[Extracted data entries]
+ + + +
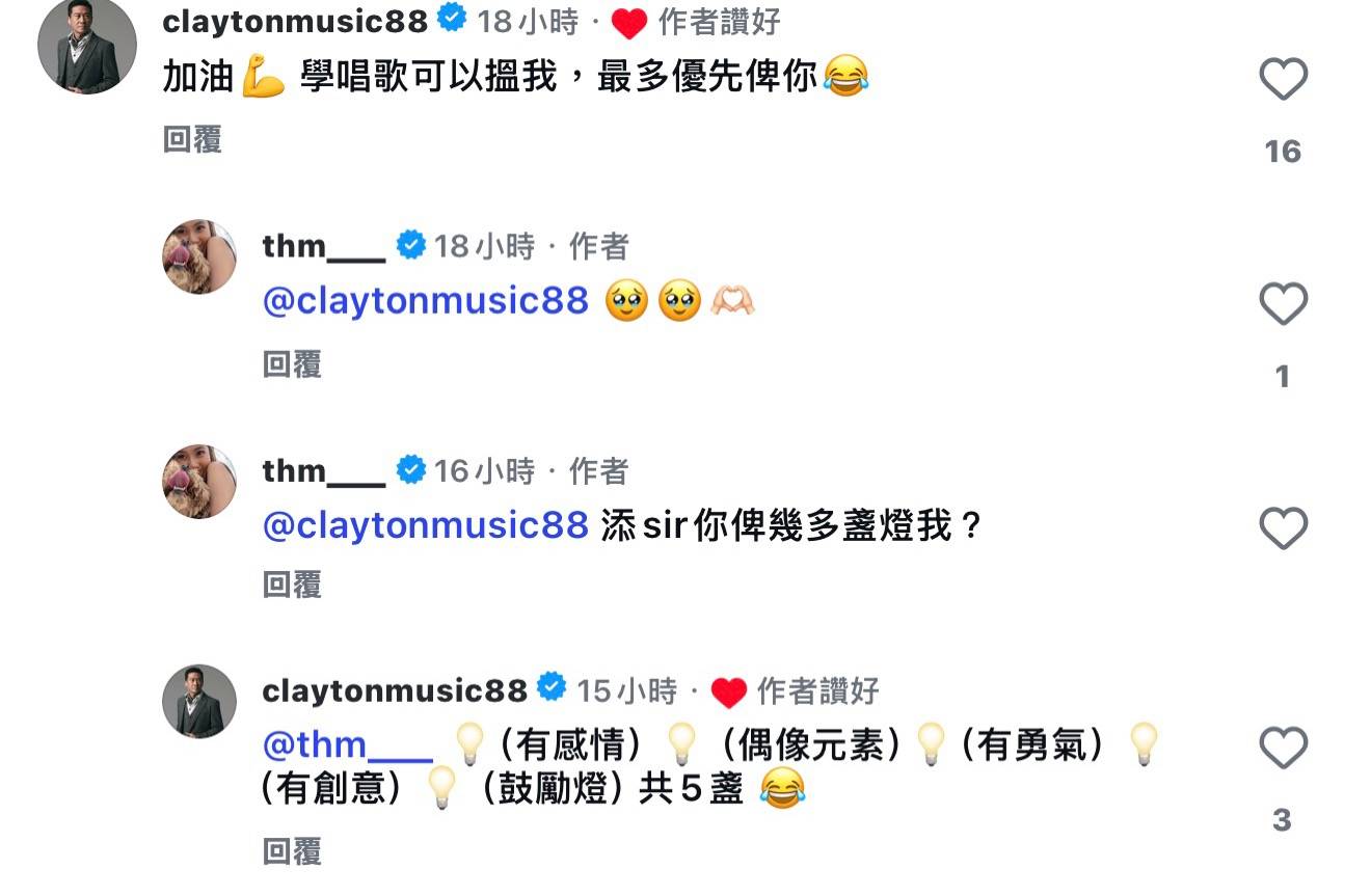 張佳添主動留言激讚給足5盞燈
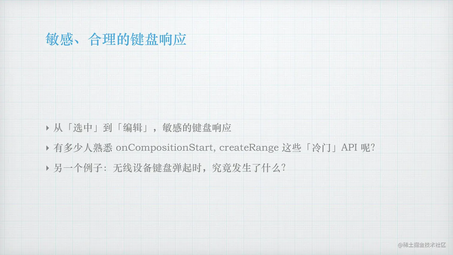 说了这么多,是什么意思呢?我想说的是,在研发文档级应用时,我们几乎要重新认识浏览器,那些冷门的知识,在 MDN 上几乎没有任何解释的 API,有可能会突然成了救命稻草。为什么呢,因为这些 API 很可能来源于操作系统本身的一些概念,比如 onCompositionStart,当我真正了解到它的含义时,我很确定操作系统的输入法接口中,肯定有对应的概念存在。
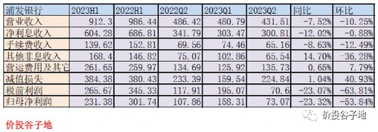 根据2023年中报,浦发银行营收912.3亿,同比下降7.52%。净利息收入604.28亿,同比下降12.02%。非利息收入中手续费收入139.62亿同比下降8.63%。归母净利润231.38亿同比下降23.32%。更多的数据如下表1所示:
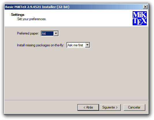 Este cuadro es importante. En primer lugar te pregunta por el tamaño por defecto del papel. Típicamente será A4. Esto te ahorrará tener que indicarlo cada vez en el fichero fuente .tex.
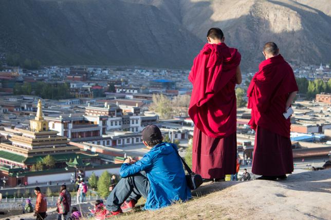 在寺院后面的草地上,你很有可能会遇到成群的小僧人在这里玩耍、赛跑,驻足在这里,很容易就被他们这种单纯的快乐所感染。纯净的景色中,一群红衣少年与世无争,真得是一幅很美好的画面。
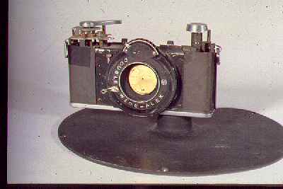 Have not completed this camera yet, although it should work in principle. This is the technicolor version of the two-color stereo camera, but it's not stereo, it just won't have a complete coincidence of the three images. This is also an outgrowth of studies in color separation (which I teach once in a while as a source for Gum-Bichromate printing). The shutter here is just three lens caps, since the required shutter speeds should be quite slow: to get the color separation negative densities to fall on the linear portion of the film curve, the film is first of all overexposed by 100 percent. Additionally, the filter factors are on the order of x6, and I would use very small f-stops since there is no control over focusing.
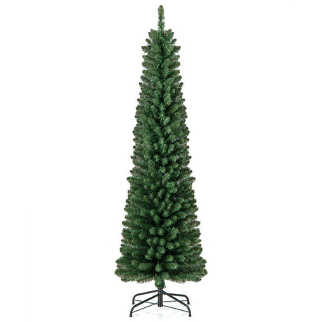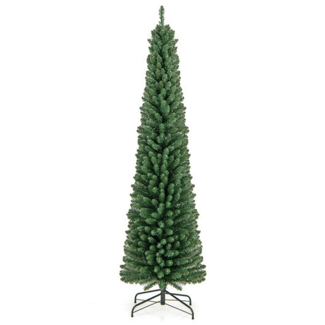 Pencil Christmas Tree with Memory Wire Branch Tips and Warm LED Lights-7FT
+ + + +
Reprint the entries above exactly, images removed.

 張佳添主動留言激讚給足5盞燈
 说了这么多,是什么意思呢?我想说的是,在研发文档级应用时,我们几乎要重新认识浏览器,那些冷门的知识,在 MDN 上几乎没有任何解释的 API,有可能会突然成了救命稻草。为什么呢,因为这些 API 很可能来源于操作系统本身的一些概念,比如 onCompositionStart,当我真正了解到它的含义时,我很确定操作系统的输入法接口中,肯定有对应的概念存在。
 根据2023年中报,浦发银行营收912.3亿,同比下降7.52%。净利息收入604.28亿,同比下降12.02%。非利息收入中手续费收入139.62亿同比下降8.63%。归母净利润231.38亿同比下降23.32%。更多的数据如下表1所示:
 Este cuadro es importante. En primer lugar te pregunta por el tamaño por defecto del papel. Típicamente será A4. Esto te ahorrará tener que indicarlo cada vez en el fichero fuente .tex.
 在寺院后面的草地上,你很有可能会遇到成群的小僧人在这里玩耍、赛跑,驻足在这里,很容易就被他们这种单纯的快乐所感染。纯净的景色中,一群红衣少年与世无争,真得是一幅很美好的画面。
 Have not completed this camera yet, although it should work in principle. This is the technicolor version of the two-color stereo camera, but it's not stereo, it just won't have a complete coincidence of the three images. This is also an outgrowth of studies in color separation (which I teach once in a while as a source for Gum-Bichromate printing). The shutter here is just three lens caps, since the required shutter speeds should be quite slow: to get the color separation negative densities to fall on the linear portion of the film curve, the film is first of all overexposed by 100 percent. Additionally, the filter factors are on the order of x6, and I would use very small f-stops since there is no control over focusing.
 Pencil Christmas Tree with Memory Wire Branch Tips and Warm LED Lights-7FT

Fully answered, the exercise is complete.